Check.......it.......out. There are captions at the bottom to explain all.

http://photos.me.com/album.php?folderid ... =martinelv


----------



## enngirl5 (Aug 10, 2004)

You're cute.


----------



## enigma (Feb 18, 2005)

enngirl5 said:


> You're cute.


You didn't say that about _my_ picture. :x

It's the compound eyes, right?

_Nobody_ likes those. 

e


----------



## Axel19 (Aug 11, 2004)

You have such wonderful friends too, do you see them often?


----------



## Guest (Jul 6, 2005)

handsomest man in the northern hemisphere!!!!!!!!!!!!!


----------



## Martinelv (Aug 10, 2004)

Axel19 said:


> You have such wonderful friends too, do you see them often?


Me ? No, the girls in the pictures are faint memories......one of them is married I believe.
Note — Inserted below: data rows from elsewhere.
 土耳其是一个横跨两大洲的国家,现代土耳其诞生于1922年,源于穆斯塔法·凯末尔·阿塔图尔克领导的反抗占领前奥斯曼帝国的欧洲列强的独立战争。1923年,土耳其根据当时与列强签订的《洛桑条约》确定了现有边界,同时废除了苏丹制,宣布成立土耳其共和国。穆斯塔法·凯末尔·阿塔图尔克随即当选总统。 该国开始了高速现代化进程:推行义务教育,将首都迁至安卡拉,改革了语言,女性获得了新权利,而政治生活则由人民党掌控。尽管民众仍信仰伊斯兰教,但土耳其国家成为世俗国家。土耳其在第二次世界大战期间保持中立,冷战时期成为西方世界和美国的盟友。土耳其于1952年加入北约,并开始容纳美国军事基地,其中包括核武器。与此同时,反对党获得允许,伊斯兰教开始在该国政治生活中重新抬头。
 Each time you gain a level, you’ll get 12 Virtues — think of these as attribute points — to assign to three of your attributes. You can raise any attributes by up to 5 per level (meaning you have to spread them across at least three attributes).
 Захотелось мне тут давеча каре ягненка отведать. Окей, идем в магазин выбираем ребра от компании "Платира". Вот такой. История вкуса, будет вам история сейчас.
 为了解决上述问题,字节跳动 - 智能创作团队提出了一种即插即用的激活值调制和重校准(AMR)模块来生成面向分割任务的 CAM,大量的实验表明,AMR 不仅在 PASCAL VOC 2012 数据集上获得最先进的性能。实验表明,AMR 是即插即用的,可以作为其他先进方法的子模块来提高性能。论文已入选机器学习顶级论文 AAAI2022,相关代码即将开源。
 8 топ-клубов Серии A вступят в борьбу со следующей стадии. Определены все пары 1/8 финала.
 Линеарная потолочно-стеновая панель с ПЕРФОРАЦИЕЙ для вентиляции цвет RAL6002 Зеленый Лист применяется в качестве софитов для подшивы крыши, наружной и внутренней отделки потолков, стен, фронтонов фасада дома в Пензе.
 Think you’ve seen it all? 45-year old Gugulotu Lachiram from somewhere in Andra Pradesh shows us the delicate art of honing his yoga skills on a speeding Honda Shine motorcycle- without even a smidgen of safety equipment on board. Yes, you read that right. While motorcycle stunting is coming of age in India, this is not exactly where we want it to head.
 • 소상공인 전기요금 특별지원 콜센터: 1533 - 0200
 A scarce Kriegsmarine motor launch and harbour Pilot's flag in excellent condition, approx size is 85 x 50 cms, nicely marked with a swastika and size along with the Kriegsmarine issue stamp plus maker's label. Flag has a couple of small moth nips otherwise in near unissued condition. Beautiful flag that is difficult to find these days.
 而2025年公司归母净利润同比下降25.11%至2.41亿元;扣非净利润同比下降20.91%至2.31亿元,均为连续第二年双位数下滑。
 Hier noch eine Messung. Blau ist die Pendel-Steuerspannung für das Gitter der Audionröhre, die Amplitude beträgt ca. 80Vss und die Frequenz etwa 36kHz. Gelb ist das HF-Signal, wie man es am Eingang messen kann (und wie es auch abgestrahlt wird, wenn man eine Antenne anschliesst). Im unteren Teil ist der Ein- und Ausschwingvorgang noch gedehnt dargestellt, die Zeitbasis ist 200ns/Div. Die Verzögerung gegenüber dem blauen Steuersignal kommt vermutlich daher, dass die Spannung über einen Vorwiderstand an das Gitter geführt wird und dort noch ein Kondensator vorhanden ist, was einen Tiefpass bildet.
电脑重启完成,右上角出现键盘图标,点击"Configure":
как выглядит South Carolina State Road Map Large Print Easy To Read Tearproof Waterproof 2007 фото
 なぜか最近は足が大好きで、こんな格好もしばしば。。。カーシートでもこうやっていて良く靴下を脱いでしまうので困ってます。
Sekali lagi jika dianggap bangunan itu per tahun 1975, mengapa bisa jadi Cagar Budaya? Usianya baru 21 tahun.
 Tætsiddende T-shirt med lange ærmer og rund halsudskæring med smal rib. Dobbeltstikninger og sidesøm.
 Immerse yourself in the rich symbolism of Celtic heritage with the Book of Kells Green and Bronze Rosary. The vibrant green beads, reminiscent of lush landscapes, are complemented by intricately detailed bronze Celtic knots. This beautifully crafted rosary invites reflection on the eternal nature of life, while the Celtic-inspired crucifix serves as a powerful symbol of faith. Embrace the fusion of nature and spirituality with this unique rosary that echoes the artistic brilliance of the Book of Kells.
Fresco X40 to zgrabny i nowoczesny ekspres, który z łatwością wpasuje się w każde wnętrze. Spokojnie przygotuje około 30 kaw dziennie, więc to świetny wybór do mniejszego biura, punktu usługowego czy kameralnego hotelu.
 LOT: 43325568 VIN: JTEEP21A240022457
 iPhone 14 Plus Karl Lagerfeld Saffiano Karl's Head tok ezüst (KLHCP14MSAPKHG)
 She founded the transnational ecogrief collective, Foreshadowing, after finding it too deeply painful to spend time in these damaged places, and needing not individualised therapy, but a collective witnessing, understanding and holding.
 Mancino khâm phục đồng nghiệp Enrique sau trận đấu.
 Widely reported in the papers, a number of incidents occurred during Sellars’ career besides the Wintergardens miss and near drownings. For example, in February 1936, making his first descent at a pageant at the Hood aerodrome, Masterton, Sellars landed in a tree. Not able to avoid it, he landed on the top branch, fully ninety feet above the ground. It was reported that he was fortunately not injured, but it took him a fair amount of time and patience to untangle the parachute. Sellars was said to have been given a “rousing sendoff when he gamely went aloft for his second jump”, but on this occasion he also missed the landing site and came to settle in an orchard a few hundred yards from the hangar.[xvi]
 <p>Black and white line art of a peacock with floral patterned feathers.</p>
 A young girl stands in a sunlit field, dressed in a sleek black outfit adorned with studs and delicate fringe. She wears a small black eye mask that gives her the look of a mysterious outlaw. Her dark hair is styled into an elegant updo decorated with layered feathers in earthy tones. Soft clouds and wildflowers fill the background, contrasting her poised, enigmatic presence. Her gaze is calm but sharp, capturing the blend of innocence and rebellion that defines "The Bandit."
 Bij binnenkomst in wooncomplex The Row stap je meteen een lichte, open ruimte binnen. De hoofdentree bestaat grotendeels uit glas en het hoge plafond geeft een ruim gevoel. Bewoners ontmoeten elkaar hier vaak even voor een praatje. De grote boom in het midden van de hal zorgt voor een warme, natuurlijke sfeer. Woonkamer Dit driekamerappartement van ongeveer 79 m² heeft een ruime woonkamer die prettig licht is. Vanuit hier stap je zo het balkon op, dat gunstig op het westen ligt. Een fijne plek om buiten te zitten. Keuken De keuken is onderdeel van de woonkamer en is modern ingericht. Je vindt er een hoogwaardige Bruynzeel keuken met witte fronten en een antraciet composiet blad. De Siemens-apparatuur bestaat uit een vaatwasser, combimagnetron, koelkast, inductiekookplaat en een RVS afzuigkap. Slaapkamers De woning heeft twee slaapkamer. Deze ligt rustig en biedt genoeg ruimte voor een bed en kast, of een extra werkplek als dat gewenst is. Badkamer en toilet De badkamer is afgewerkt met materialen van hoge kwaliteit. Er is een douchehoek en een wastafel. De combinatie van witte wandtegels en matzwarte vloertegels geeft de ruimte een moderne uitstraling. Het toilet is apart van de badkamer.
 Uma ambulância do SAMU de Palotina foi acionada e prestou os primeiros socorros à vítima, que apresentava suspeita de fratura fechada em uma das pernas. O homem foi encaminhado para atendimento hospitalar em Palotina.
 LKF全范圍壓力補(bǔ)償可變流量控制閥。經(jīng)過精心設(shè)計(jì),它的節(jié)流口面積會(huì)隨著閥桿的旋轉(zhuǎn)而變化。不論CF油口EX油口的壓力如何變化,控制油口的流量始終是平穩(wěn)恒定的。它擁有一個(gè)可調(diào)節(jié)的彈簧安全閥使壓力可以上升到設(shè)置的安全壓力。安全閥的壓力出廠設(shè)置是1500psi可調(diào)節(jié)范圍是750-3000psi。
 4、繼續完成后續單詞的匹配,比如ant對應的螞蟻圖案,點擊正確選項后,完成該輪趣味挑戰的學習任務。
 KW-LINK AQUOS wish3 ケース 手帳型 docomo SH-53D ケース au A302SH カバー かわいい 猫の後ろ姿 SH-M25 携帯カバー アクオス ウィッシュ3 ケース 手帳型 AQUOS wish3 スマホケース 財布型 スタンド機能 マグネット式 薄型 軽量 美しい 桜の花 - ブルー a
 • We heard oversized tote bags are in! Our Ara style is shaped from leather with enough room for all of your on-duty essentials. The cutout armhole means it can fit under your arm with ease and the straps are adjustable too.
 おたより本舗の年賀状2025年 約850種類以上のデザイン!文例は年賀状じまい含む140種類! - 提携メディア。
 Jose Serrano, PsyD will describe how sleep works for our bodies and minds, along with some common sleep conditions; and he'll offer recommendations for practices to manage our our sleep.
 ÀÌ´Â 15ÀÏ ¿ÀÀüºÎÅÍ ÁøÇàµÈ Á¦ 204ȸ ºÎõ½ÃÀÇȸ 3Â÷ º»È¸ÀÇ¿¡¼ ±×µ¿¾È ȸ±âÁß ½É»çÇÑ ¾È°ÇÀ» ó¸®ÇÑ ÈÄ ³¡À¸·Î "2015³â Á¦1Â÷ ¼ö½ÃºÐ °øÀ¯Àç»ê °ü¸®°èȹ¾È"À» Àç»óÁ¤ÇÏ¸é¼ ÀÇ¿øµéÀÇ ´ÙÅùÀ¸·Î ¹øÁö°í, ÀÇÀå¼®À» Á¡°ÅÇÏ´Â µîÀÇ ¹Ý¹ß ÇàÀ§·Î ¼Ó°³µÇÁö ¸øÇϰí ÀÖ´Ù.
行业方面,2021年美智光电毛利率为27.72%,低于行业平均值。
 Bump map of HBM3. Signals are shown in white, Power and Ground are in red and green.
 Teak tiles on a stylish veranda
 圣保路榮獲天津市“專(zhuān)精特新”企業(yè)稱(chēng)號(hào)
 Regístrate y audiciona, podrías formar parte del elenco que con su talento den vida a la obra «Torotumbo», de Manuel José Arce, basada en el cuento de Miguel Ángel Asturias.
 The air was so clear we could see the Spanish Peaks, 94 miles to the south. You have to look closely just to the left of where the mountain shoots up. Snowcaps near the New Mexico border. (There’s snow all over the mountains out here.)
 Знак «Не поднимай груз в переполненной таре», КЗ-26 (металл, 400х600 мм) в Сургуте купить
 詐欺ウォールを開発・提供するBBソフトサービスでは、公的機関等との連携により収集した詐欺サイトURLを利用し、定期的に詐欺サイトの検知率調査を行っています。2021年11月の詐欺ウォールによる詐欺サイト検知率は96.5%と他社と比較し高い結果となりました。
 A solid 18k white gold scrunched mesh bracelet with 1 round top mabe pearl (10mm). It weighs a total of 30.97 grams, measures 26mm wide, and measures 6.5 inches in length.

The fool. He heh heh heh heh.


----------



## Axel19 (Aug 11, 2004)

No I was referring to your online buddies, listed on the main section of your homepage. Sorry i was being a little sarcastic. See the thing is I joined one of these online profile thingies. I only entered my name and location, nothing else. Within weeks I had hundreds of invites from Sri Lankan bisexuals and other oddballs asking me to be their friends. I politely declined in all cases. Be careful.


----------



## Martinelv (Aug 10, 2004)

Don't worry - I heartily encourage sarcasm in all forms !

And I also actively encourage bi-sexual Sri-Lankan's. I want to get friendly with a Thai Lady-boy and use him as a footstool, and snort cocaine off his peachy buttocks.

Anyway, I don't reply to anyone on there...I just used it because it allows you to put up loads of photographs for free.


----------